# Hosting Catalog Event~



## fallenchaoskitten (Apr 19, 2020)

I just recently got to attend my first catalog event, and would like to host one myself!

I will be doing this in *groups of 3.*
I have spaces sectioned (and numbered) for you to place *6-9 items*
--- Go left as soon as you leave the airport.
--- Trust me, you won't miss it. =3
Make sure they are *orderable items*.
--- Crafted items cannot be ordered through catalog.
*Wait* until we are all ready before you start cataloging.
*Pick up one item at a time then drop it.
Do NOT steal someone's item(s)*
Once we are done,* I will end session*.
If you would like to visit again. Please post again after you finish your session ... bring some fresh items too =3

I will have a larger, separate section for my items you can catalog, btw. I'll try and change a few things out each time I run a visit.

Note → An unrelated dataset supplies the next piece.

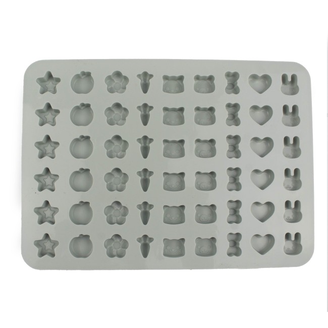 Molde de figuras variadas de repostería. Material: Silicona Color: Rosado, gris
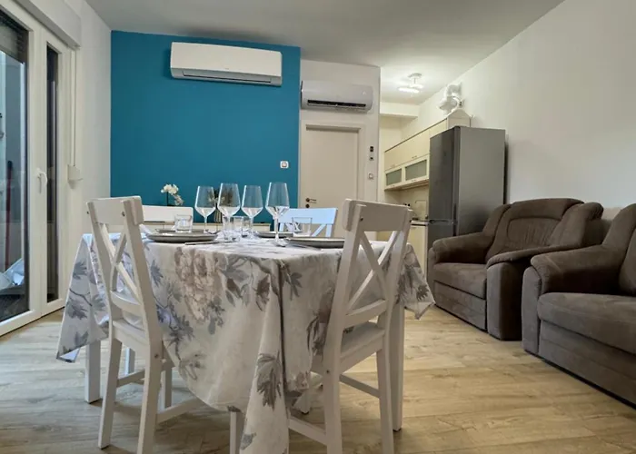 Brezza Marina Theme Park of the Great War of Monfalcone'den arabayla 10 dakikalık sürüş uzaklığında bulunan denize nazır bir dairedir. Bu denize nazır dairede 1 yatak odası, 1 banyo odası ve tam donanımlı mutfak mevcuttur.

*How to enter the queue: *_Post our resident's name & island name_
I will not PM a dodo code otherwise. This is for in the event we have a dishonest visitor, we can report their behavior.



Spoiler: DONE



Round 1 - DONE
1 @Leann
2 @Xcourt560x
3 @sunchild

Round 2 -DONE
1 @Edge
2 @Alicia
3  @kylab115

Round 3hiff -DONE
1 @FlimsyAxe
2 @Maris82084
3 @KarinaKatrea

Round 4 -DONE
1 @Spiinks
2 @creamyy
3 @chiffonroll

Round 5 Done
1 @pandavillepanda @dev1l 
2 @pung 
3 @Jenny_ysy



Round 6
1 @shayminskyforme88
2 @pung
3


----------



## Leann (Apr 19, 2020)

Can I come please?

IGN: Evilann (Don't worry, I'm not really evil)
Island: Dou Dou Island


----------



## Edge (Apr 19, 2020)

I would like to come but I am doing another event currently. Could I be in a later group? 
name edge
town juniper


----------



## Xcourt560x (Apr 19, 2020)

Hey can I come?  
IGN: courtney from sunny grove


----------



## fallenchaoskitten (Apr 19, 2020)

Edge said:


> I would like to come but I am doing another event currently. Could I be in a later group?
> name edge
> town juniper


Shops are closed for me and I don't wanna design anymore tonight so I'll probably be doing this for awhile. So now worries. Just post when you are available!


----------



## sunchild (Apr 19, 2020)

I’d like to join!! 
name: priya, island: Coventry


----------



## kylab115 (Apr 19, 2020)

Hey I’d love to stop by!


----------



## frogjail (Apr 19, 2020)

i'm also currently in the middle of another event, but i'd love to be included in a later group!!
name: holly
town: fishbone


----------



## kylab115 (Apr 19, 2020)

kylab115 said:


> Hey I’d love to stop by!


Kyla from evergreen


----------



## Alicia (Apr 19, 2020)

I'd love to join, Alicia from Acorn!


----------



## fallenchaoskitten (Apr 19, 2020)

Leann said:


> Can I come please?
> 
> IGN: Evilann (Don't worry, I'm not really evil)
> Island: Dou Dou Island





Xcourt560x said:


> Hey can I come?
> IGN: courtney from sunny grove





sunchild said:


> I’d like to join!!
> name: priya, island: Coventry


Will be sending code in just a moment!


----------



## savvistyles (Apr 19, 2020)

Would love to visit!


----------



## FlimsyAxe (Apr 19, 2020)

Would love to come! If pocket camp items are reorderable, I'll bring em as well 

IGN: Blue
Island: Towny


----------



## Maris82084 (Apr 19, 2020)

I DM you my info, but its Marissa from Viruland


----------



## fallenchaoskitten (Apr 19, 2020)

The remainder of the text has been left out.